How SI-CPUBottleneckDiagnosis/Sys_CPUBottleneckDiagnosis

  • KM03024200
  • 27-Nov-2017
  • 24-Jul-2018

Summary

Explanation of the policy logic

Reference

“SI-CPUBottleneckDiagnosis”

 

Let me explain  about “SI-CPUBottleneckDiagnosis” policy.

Meaning that we are monitoring bottleneck condition and not just high utilization. Usually we are tend to mix these two terms. Also as even though the utilization might be high ,still the systems are not reaching the bottleneck condition.

Here is the calculation

'TotalCpuUtil'> Threshold AND
'MoreReadyProcs' > 0

The MoreReadyProcs is calculated internally as mentioned below:

Data Source is SCOPE
HPUX
GBL_CPU_QUEUE - GBL_ACTIVE_CPU
Other Platforms
GBL_LOADAVG - GBL_ACTIVE_CPU

If NOT SCOPE
GBL_RUN_QUEUE - GBL_ACTIVE_CPU

If you want to get alert only based on utilization then they can tweak the current policy logic by putting an OR condition instead of AND condition.
But then it will no longer be called BottleneckDiagnosis.

Have highlighted the changes which can be done in one of the Rule named "CPU bottleneck Major Threshold Rule"


if ( ( $Session->Value('TotalCpuUtil') >= $Session->Value('GlobalCpuUtilMajorThreshold') ) ||
( $Session->Value('MoreReadyProcs') > 0 ) )

And you can take out the ovcodautil –dumpcoda output and do the math.


So it’s not only the Threshold which you have set, there is an addition parameter which is being calculated with in the policy which is MoreReadyProcs. As per the logic, bottleneck condition is attained only when the CPU utilization is high as well as the MoreReadyProcs is greater than 0. The above table shows how the value is being calculated.

 

How to test this policy:

 

The policy SI-CPUBottleneckDiagnosis uses below logic for determining if an alert should be sent:

if ( ( $Session->Value('TotalCpuUtil') >= $Session->Value('GlobalCpuUtilCriticalThreshold') ) &&
  ( $Session->Value('MoreReadyProcs') > 0 ) )
{
 DisplayTopHoggingProcess();
 $Rule->Status(1);
}

The session variable MoreReadyProcs is calculated as:


  $LoadAvgSrc = $Policy->SourceEx("CODA\\\\SCOPE\\\\GLOBAL\\\\GBL_LOADAVG");
  if ($LoadAvgSrc && $LoadAvgSrc->DataAvailable())
  {
   $Session->Value("LoadAvg", floor($LoadAvgSrc->Value()));
  }
  else
  {
   $tracer->SendLogMessage ( "SourceEx API failed for metric: CODA\\\\SCOPE\\\\GLOBAL\\\\GBL_LOADAVG", "warning");
  }
  $MoreReadyProcs = $Session->Value('LoadAvg') - $Session->Value('NumCPUs');
  $Session->Value("MoreReadyProcs", $MoreReadyProcs);

The intention here is to alert when the CPU utilization is above a certain threshold AND there are threads in the run queue waiting for CPU shares.

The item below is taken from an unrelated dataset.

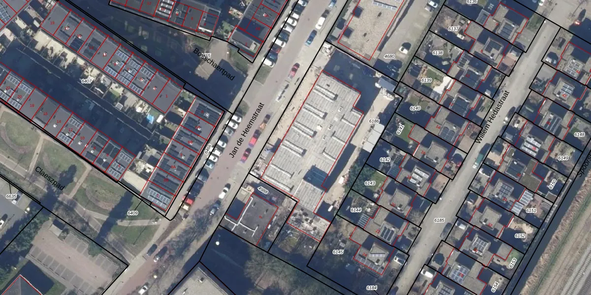 Het perceel waarop Jan de Heemstraat 5-L staat heeft een oppervlakte van 2110 m². Dit is een zeer groot perceel. De perceeloppervlakte wordt geregistreerd door het Kadaster. Gedetailleerde informatie over de maten van dit perceel kunt u vinden in het rapport Kadastrale kaart met maatvoering van Jan de Heemstraat 5-L.
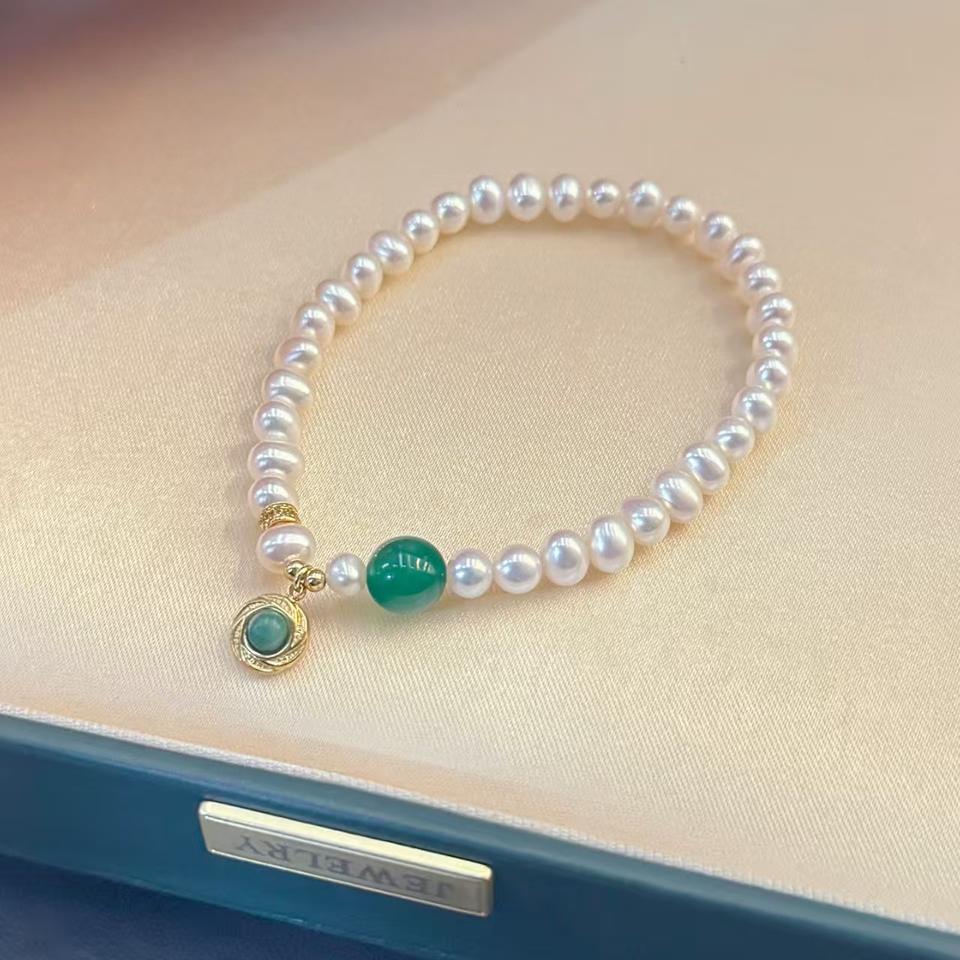 Women's Retro Bracelet Red Green Agate Freshwater Pearl with 6-7mm Rice Beads Adjustable Charm Bracelet for Spring

The number of threads waiting for CPU shares is calculated as MoreReadyProcs = LoadAvg - NumCPUs, which should be OK on Unix because GBL_LOADAVG represents the 1 minute load average, which counts the average number of runnable processes/threads, which in turn includes both processes/threads that are currently running on a CPU and those that are waiting for CPU shares.

However, per the OA documentation, on Windows servers, GBL_LOADAVG counts the average number of threads that are in "Ready" state during the collection interval. As can be seen at https://msdn.microsoft.com/en-us/library/system.diagnostics.threadstate%28v=vs.110%29.aspx, the "Ready" state does not include threads that are currently "Running" on a CPU. Hence, for Windows servers, the number of CPUs (NumCPUs) should not be substracted from LoadAvg to calculate MoreReadyProcs.

As a consequence, the sensitivity of policy SI-CPUBottleneckDiagnosis is very low on Windows and alerts will only be sent upon a severe bottleneck.